Yes. That is, I mean NO. Well, no takers, that is. Oh, but it is a good thread, do not let it die a miserable hungry death just yet. When the time comes, I promise, I will accompanyy it to the vet. and allow it to go to sleep peacefully.
Hints! Dammit, we want (well, OK, need) hints. Otherwise this fun little thread will be rotting in its grave, alone, unloved, unwanted, (and who will look after its five small children, and starving puppies then, I ask you?) and all because of the terrible paucity of HINTS.
And there will be nasty yukiness and maggots too, in this game, unless, of course, some hints should be forthcoming.
Soon. Did I perhaps neglect to mention that a desirable time for hints would be soon?
Ohh I don’t want to be responsible for someone dying miserable and cold and hungry and dead.
So…
The book is sort of outdated by our standards- takes place in the fifties. Its by an author who writes suspense books. This book is a suspense book. The author has had a few of his books turned into movies; don’t know if this one was a movie once…This book doesn’t involve Satan…
Auntie Pam! No! Don’t be so judgemental. Its a perfectly wonderful book. Sure-- not quite as great as his other books, i think, but its great. Its supposed to be like that…just read the whole thing once I reveal what it is. Or once someone guesses.
Sorry it’s taken me so long to post a new one, going through end-of-semester hell at the moment. This one seemed appropriate. Have fun.

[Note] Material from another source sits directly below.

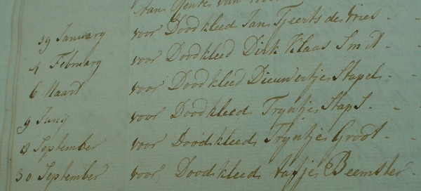 Bij de inkomsten worden ook de doodskleden gemeld:
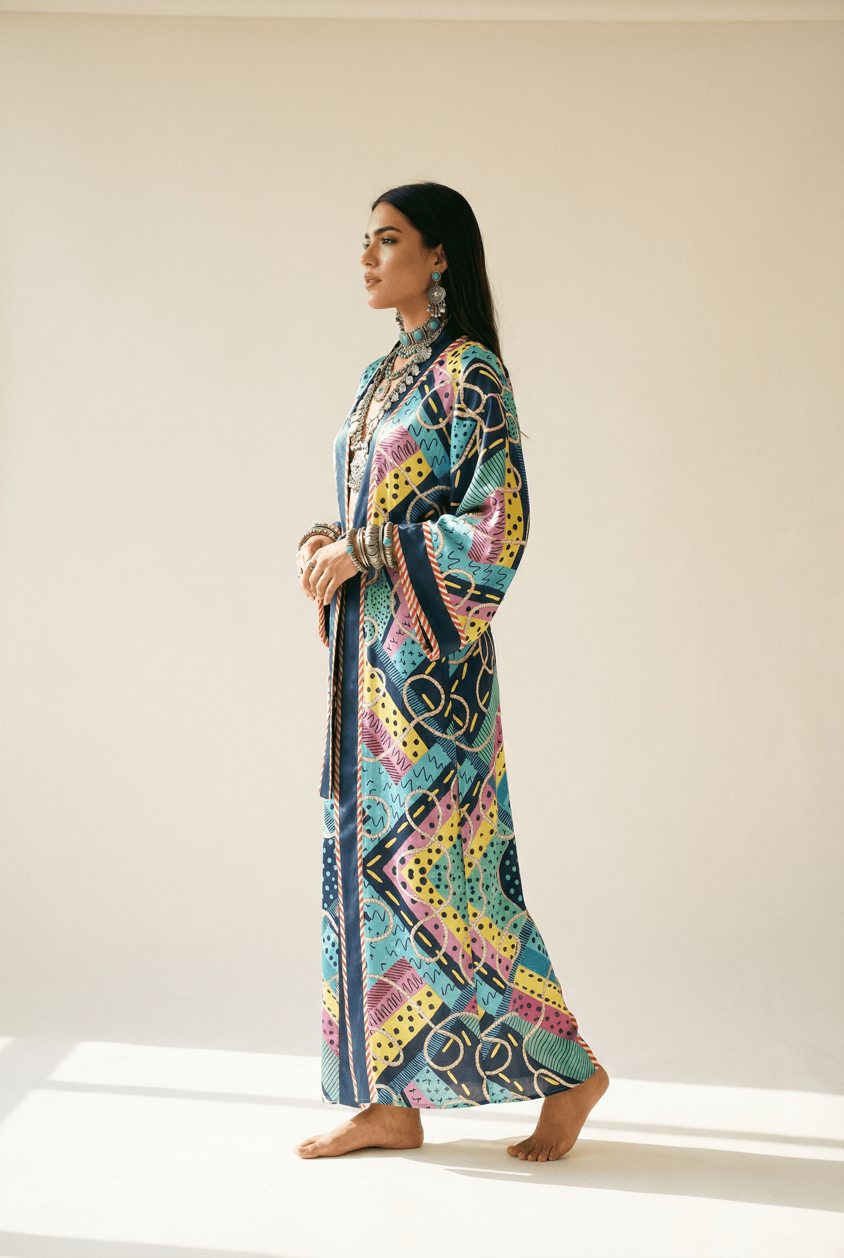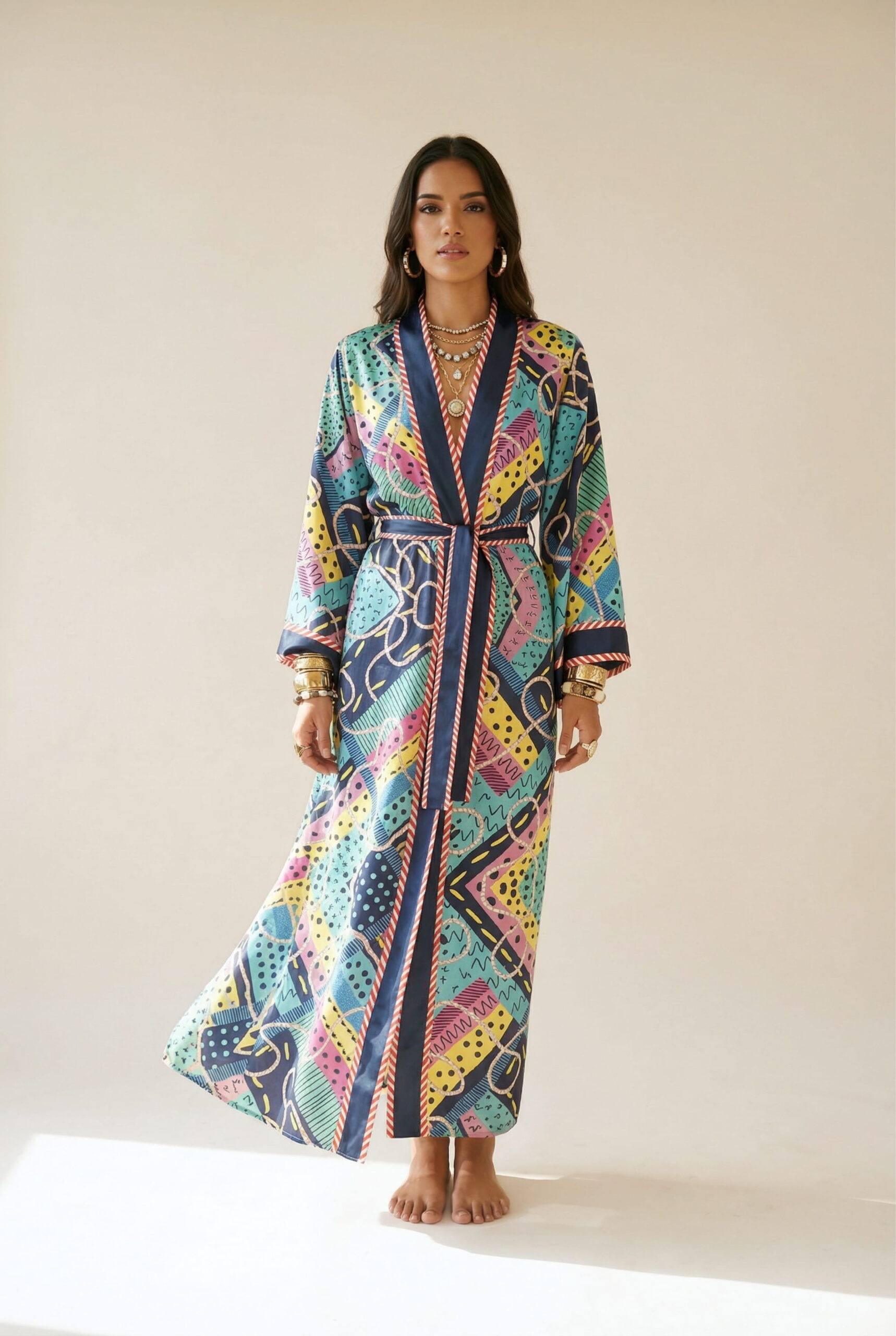 A vivacious silk robe designed for the woman who sees life as her canvas. Bursting with energy and attitude, this full-length statement piece features a dynamic interplay of abstract motifs: playful crosses, wavy lines, bold dots, and striking geometric shapes, all intertwined with a whimsical rope pattern. The color palette? A fearless fusion of turquoise, fuchsia, lemon, and pink that radiates creativity and confidence. Crafted from 100% silk with a fluid, lustrous drape, Ada is finished with a boldly striped belt that draws the eye and cinches the waist

"Rest assured, it was no ordinary ale that they drank by the Ouse while in Westminster crowds thronged, guns fired and the Abbey bells pealed. For when the men of Gildsey jostled into the Pike and Eel and the Jolly Bargeman to be amongst the privileged first one thousand to receive their bottle gratis and to raise their glasses in decent good cheer to toast the King, they discovered that this patriotic liquor hurled them with astonishing rapidity through the normally gradual and containable stages of intoxication: pleasure, satisfaction, well-being, elation, light-headedness, hot-headedness, befuddlement, distraction, delirium, irascibility, pugnaciousness, imbalance, incapacity – all in the gamut of a single bottle. And if a second bottle was broached –
Precise accounts of the events of that day are hard to track down. Partly because it was a day that Gildsey wished to forget; partly for the more pertinent reason that many of those who might have acted as reliable witnesses were, at the time, hopelessly drunk."
Fretful – do we have t know this, or is cheating acceptable? (Cuz I actually bought this book, because it had a beautiful cover, but I didn’t like it at all.)
Well, if you get the right answer, then you do know it, right?
Seeing as how I’d never even heard of The Third Policeman until I started reading the blurbs in my anthology of Irish short stories, I’d say anything is acceptable.
Cool! And thanks for letting me sort of butt in, late to the game and all.
Okay, at least one Doper put this writer on their favorite author list:
“See the child. He is pale and thin, he wears a thin and ragged linen shirt. He stokes the scullery fire. Outside lie dark turned fields with rags of snow and darker woods beyond that harbor yet a few last wolves. His folk are known for hewers of wood and drawers of water but in truth his father has been a schoolmaster. He lies in drink, he quotes from poets whose names are now lost. The boy crouches by the fire and watches him.”
It’s a western, but not Louis L’Amour or Zane Grey. This writer recently finished a series of three books, also set in the west, but in a different time period. He’s won some awards.